Three distinct jobs hide inside that one phrase, and conflating them is where teams go wrong.
- Observability is the raw record. Every step, tool call, token, and millisecond of latency, captured so you can replay any run after the fact.
- Evaluation is the judgment. A score or label applied to a run, measured against criteria you set in advance. Did it succeed, was it grounded, did it stay on budget.
- Prioritization is the decision. Given a backlog of failures, which one costs you the most, and which do you fix this sprint.

A model you can prompt but not measure is a demo. A model you can measure, score, and triage is a product.
Observability: Tracing the Agent Run
Before you can evaluate anything, you have to see it. For a single LLM call, a log line is enough. For an agent that plans, calls tools, retrieves context, and loops, you need a trace: a structured, hierarchical record of everything the agent did to produce an answer.
A good trace captures four things at every step:
- Steps and reasoning. The sequence of decisions the agent made, including which branch it took and why. When an agent goes off the rails, the trace shows the exact step where it lost the plot.
- Tool calls. Every function the agent invoked, the arguments it passed, and what came back. A surprising share of agent failures are not reasoning failures at all. They are a malformed tool argument, or an API that returned an error the agent ignored.
- Tokens. Input and output token counts per step, because tokens are the unit cost of an agent and the thing that silently inflates the bill.
- Latency. Wall-clock time per step and end to end, so you can find the slow tool or the redundant call that makes the agent feel sluggish.
Tools like LangSmith, Arize Phoenix, and the OpenTelemetry GenAI conventions exist to capture exactly this. Which tool you pick matters less than having one at all. Without a trace, every debugging session is a guess, and every "it works on my machine" is unfalsifiable.
Enterprise reality: When a customer says your agent gave them wrong information, "we'll look into it" is not an answer your support lead can use. A trace is. You pull the exact run, see that the agent retrieved a stale document, flagged the wrong clause, and never called the verification tool, and you fix the retrieval step. Without the trace, you are reduced to re-prompting and praying.
Evaluation: Offline and Online
Observability tells you what happened. Evaluation tells you whether it was any good. It comes in two flavors, and a mature team runs both.
Offline Evals: The Regression Suite
An offline eval runs your agent against a curated test set (a fixed collection of inputs paired with known-good expectations) in a controlled environment, before anything ships. This is the agentic equivalent of a unit-test suite, and it serves the same purpose: catch regressions before users do.
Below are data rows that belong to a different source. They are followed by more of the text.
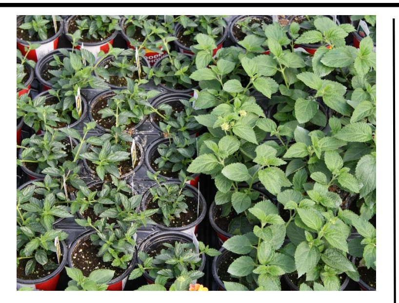
Figure 1. 'Landmark Peach Sunrise' lantana, a vigorous cultivar, grown in a standard peat moss and perlite substrate and treated with 2-fluid oz. drenches containing 0 to 4 ppm ancymidol, flurprimidol, paclobutrazol, or uniconazole.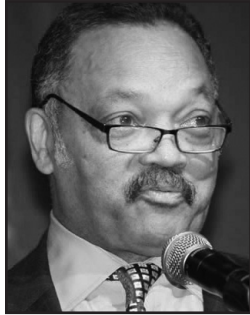
Jesse Jackson Sr.

Senator Bernie Sanders, the Democratic candidate for president, shocked people when he noted that 51 percent of African-Americans aged 17 through 20 who have graduated high school or dropped out of high school are unemployed.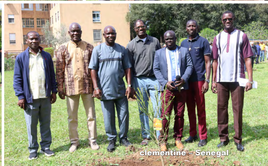
clementine – Senegal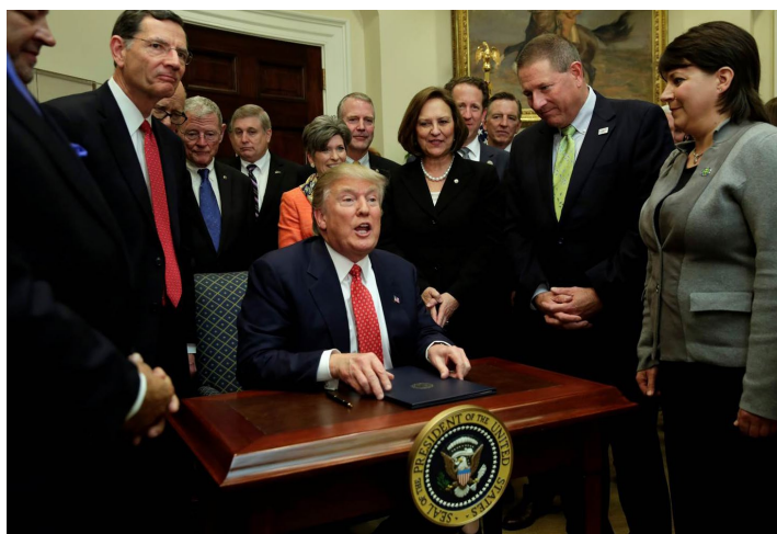
Photo: U.S. President Donald Trump talks to the media after signing the water executive order at the White House, in Washington, DC, U.S. February 28, 2017.

The closing paragraph of the joint issuance states, "Through new rulemaking, the EPA and the Army seek to provide clarity and regulatory certainty concerning definition of "waters of the United States," consistent with the principles outlined in the Executive Order and the agencies' legal authority."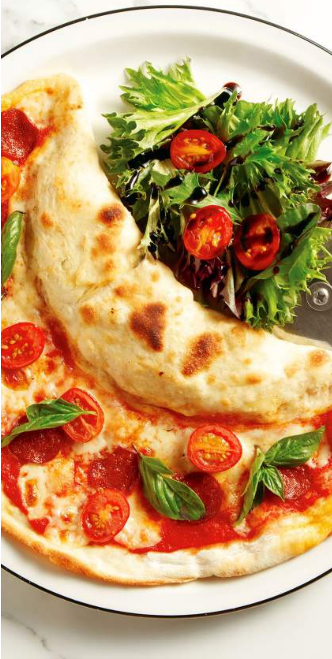
Rock 'n Roll 薄餅兄弟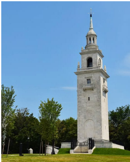
Dorchester Heights Monument after restoration.

Dorchester Heights Monument at Boston National Historical Park preserves the 115-foot commemorative marble tower at the site of Revolutionary War fortifications that led to British troops evacuating Boston. However, conditions at the tower required urgent attention due to deterioration of structural elements, water damage, and damaged sidewalks that resulted in closure of areas for safety. This project completed repairs and restoration of the commemorative tower and surrounding area, including structural and foundational restoration, plumbing improvements, and accessibility improvements. This project helps ensure that the site can support commemorative activities associated with the 250th anniversary of signing of the Declaration of Independence in 2026.

Build the set from real failures. Every time the agent breaks in a way that matters, capture that input, write down what the right behavior would have been, and add it to the suite. Over time you accumulate a regression battery that any change has to pass before it merges. Tighten a prompt, swap a model, adjust a retrieval step, then run the suite and you know in minutes whether you broke something that used to work.
The honest limitation: an offline set is a snapshot. Real users are inventive, and the long tail of production traffic will always contain inputs your curated set never imagined. Offline evals catch known failure modes fast and cheaply. They cannot catch the unknown ones.
Online Evals: Watching Real Traffic
An online eval scores real production traffic as it happens. This is where you catch the failures your test set missed: the novel inputs, the slow drift in quality after a model update, the edge cases that only show up at volume.
You rarely score every production run; that gets expensive. Instead you sample, or trigger evaluation on signals that suggest trouble: a user who rephrases the same question three times, a thumbs-down, a run that blew past its tool-call budget. Online evals are how you measure the agent against reality instead of against your assumptions about reality. They are also how you feed resource-aware AI agents the cost-and-latency data they need to decide when a cheaper model or a shorter path will do.
The two are complementary, not competing. Offline evals give you a fast, deterministic gate before deploy. Online evals give you ground truth after. Skip the offline set and every deploy is a gamble; skip the online layer and you are blind to everything your test set didn't predict.
The Metrics That Earn Their Place
You can measure a hundred things about an agent. Four of them belong on the dashboard.
- Task success rate. The percentage of runs that accomplished the user's goal. This is the north-star metric, and it is the one teams most often skip because it is the hardest to define. Defining "success" for your specific agent is most of the work, and it is work worth doing, because every other metric is secondary to whether the thing did its job.
- Latency. How long a run takes, end to end. An agent that gives a perfect answer in ninety seconds has lost the user who needed it in five. Track the median and the tail; the slowest 5 percent of runs are often where the worst experiences live.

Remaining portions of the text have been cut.